Они говорили тихо. Но в двери одного из купе была оставлена щелка, и Али Каджар, сквозь сон узнав голос Люды, поднял голову, прислушался и осторожно спустился с верхнего спального места. Он бесшумно приводил в порядок свой костюм, в котором спал, причесывался и душился… Терпкий запах духов разбудил Мадата Сеидова, спавшего внизу, он чихнул и поднял свою большую, гладко выбритую бугроватую голову.
— Голос жаворонка на заре? — спросил он по-азербайджански, насмешливо глядя на товарища.
— Мы ведь обещали Коле проводить Людмилу Евгеньевну, — ответил Каджар по-русски. — К тому же должен тебе признаться, что я вчера уговаривал Людмилу Евгеньевну ехать с нами в Баку, где она не бывала, и, знаешь, она очень заинтересовалась.

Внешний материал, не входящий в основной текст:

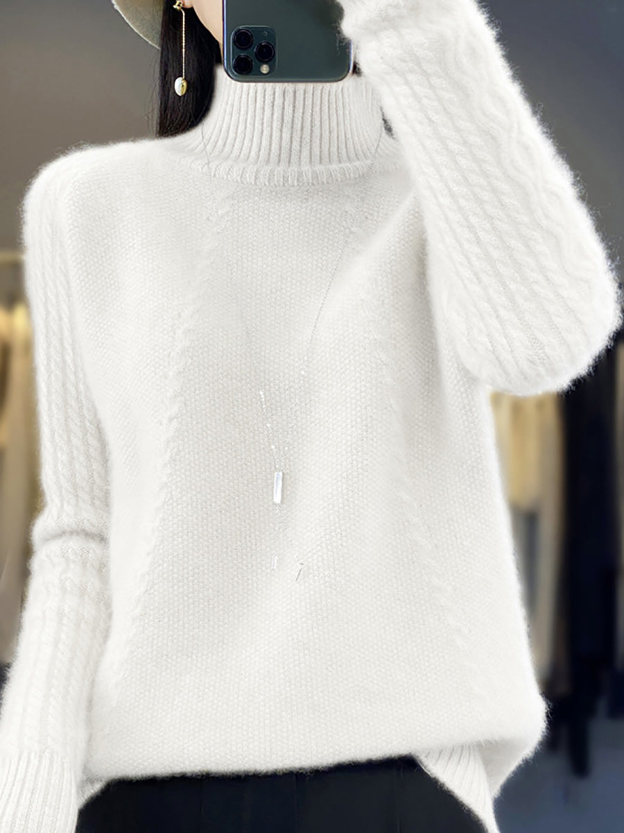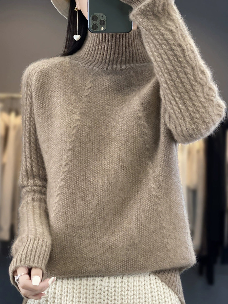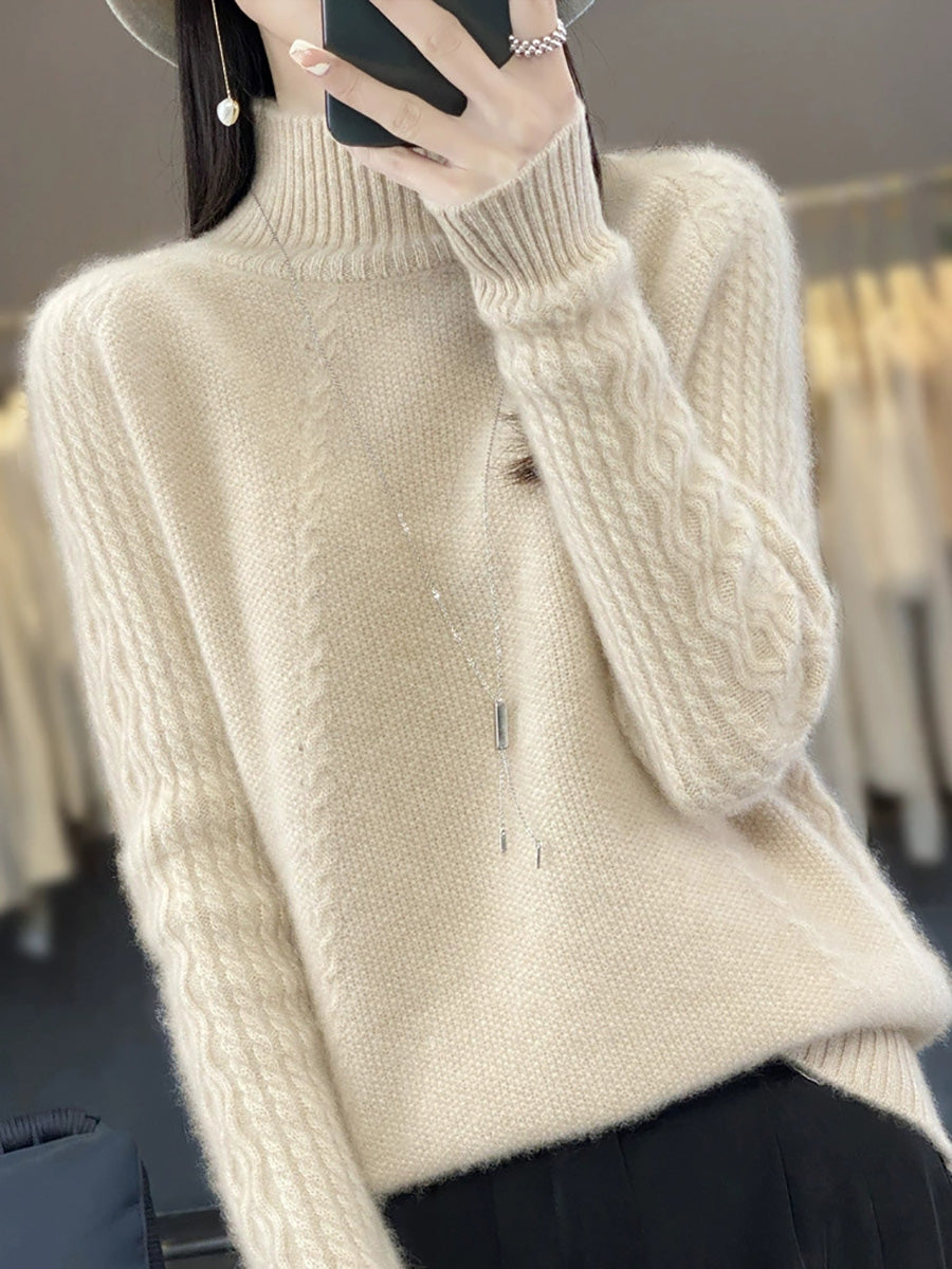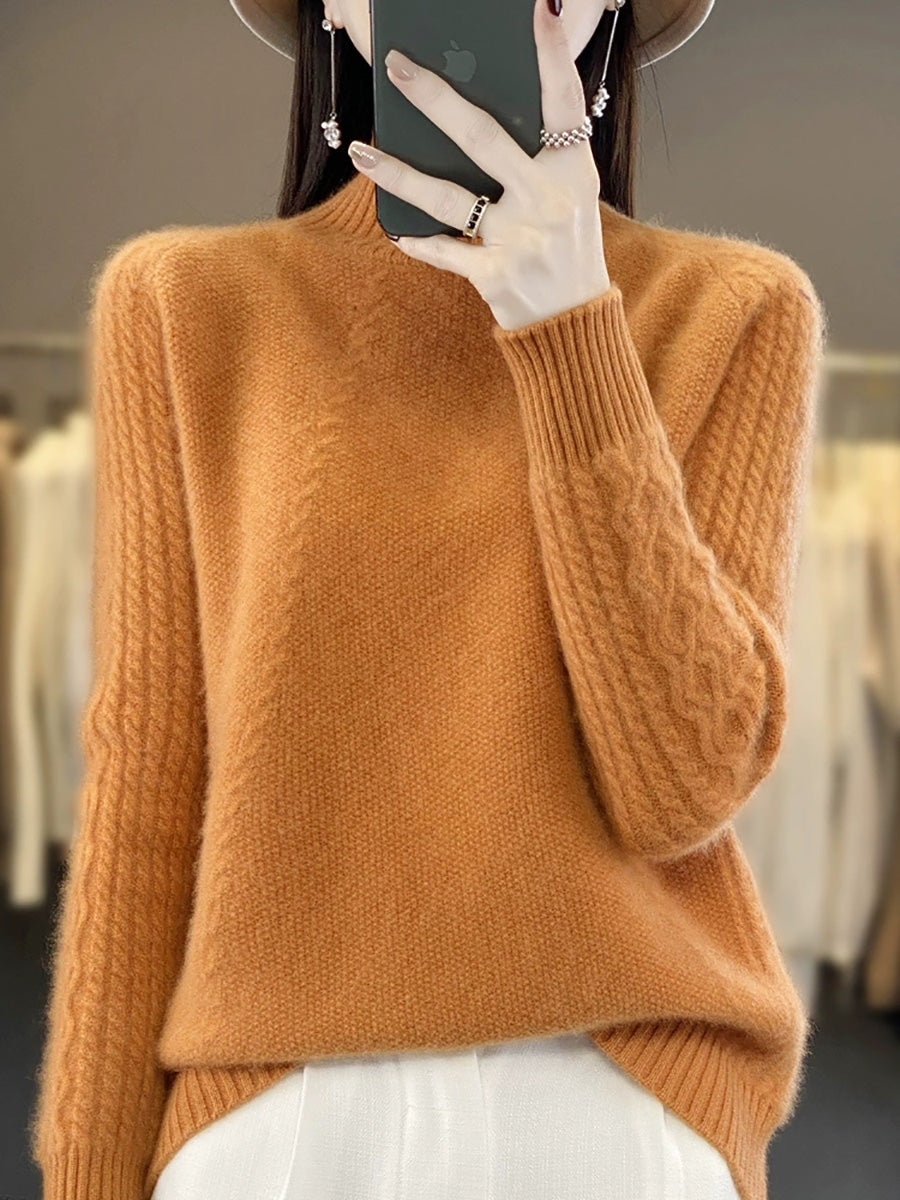 كنزة نسائية خريفية فنية من الصوف بلون موحد بياقة نصف مدورة

— Ты обещал сводить ее на Девичью башню и в храм огнепоклонников?
— Да.
— И, конечно, сообщил, что ты внук и наследник самого Тагиева?
— Думаю, что для Людмилы Евгеньевны это безразлично, — раздельно ответил Али-Гусейн. Он уже взялся за ручку двери.
— Ты все-таки не забудь намекнуть ей насчет тагиевских миллионов, — успел сказать ему вдогонку Мадат, но Али-Гусейн уже вышел.
Мадат опустил голову на подушку и хотел заснуть. Но в купе сквозь шторы пробивался красноватый свет восхода; приглушенные голоса из коридора и в особенности тихое, но очень веселое похохатыванье Люды не давали ему заснуть. Он выругался по-персидски, применив ту орнаментальную брань, которой в совершенстве овладел в бакинских банях и опиекурильнях, оделся и тоже вышел в коридор, где у окна стояла Люда и рядом с ней Али-Гусейн. Баженов ушел к себе в купе.
Да, если сходить в Краснорецке, то было самое время. Знаменитая Краснорецкая гора, на которой самим Суворовым на страх кочевым ордам была заложена Краснорецкая крепость, сейчас видна была вся, сверху донизу, — угловатые очертания церквей, крыш и труб придавали ей причудливый вид… Огней почти не было видно, но кое-где при свете восходящего солнца вдруг сверкало окно, погасало, и вновь сверкало другое, в другом конце города. И пахло уже по-родному, по-краснорецки — откуда-то снизу — кувшинками, лилиями и одновременно коксом и железнодорожным дымом. Только на станции Краснорецк так пахло: около самых стен железнодорожного депо был зацветший прудок.